- INSTRUCTIONS FOR THE TASK: The listing below holds pictures; exclude them. Return exactly the lines from the one with "홍남기 경제부총리 등" through the one with "Elegante blazer para".

- GIVEN INFORMATION:
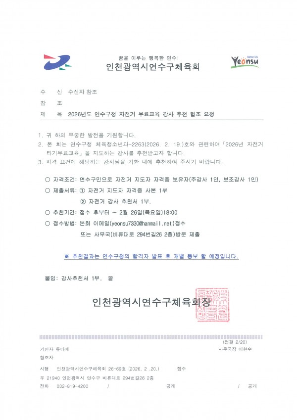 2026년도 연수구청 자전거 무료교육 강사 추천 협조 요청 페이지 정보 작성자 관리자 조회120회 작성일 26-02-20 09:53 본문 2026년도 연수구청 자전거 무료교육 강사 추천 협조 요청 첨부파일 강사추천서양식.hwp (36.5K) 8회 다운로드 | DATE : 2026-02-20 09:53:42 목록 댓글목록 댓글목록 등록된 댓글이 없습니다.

...

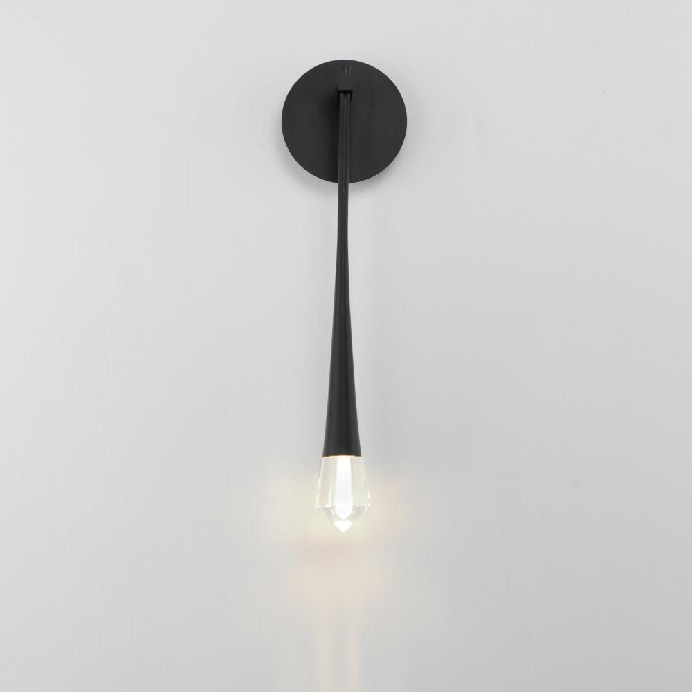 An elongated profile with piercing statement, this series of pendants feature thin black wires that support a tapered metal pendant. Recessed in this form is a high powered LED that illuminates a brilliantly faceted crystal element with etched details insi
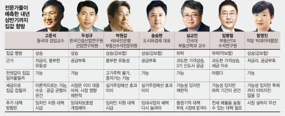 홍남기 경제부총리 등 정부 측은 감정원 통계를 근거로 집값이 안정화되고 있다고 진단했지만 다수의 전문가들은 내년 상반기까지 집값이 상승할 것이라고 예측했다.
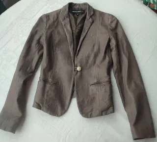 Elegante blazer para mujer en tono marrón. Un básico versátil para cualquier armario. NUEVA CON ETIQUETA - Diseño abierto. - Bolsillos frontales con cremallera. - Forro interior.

- ANSWER TO THIS TASK:
 홍남기 경제부총리 등 정부 측은 감정원 통계를 근거로 집값이 안정화되고 있다고 진단했지만 다수의 전문가들은 내년 상반기까지 집값이 상승할 것이라고 예측했다.
 Elegante blazer para mujer en tono marrón. Un básico versátil para cualquier armario. NUEVA CON ETIQUETA - Diseño abierto. - Bolsillos frontales con cremallera. - Forro interior.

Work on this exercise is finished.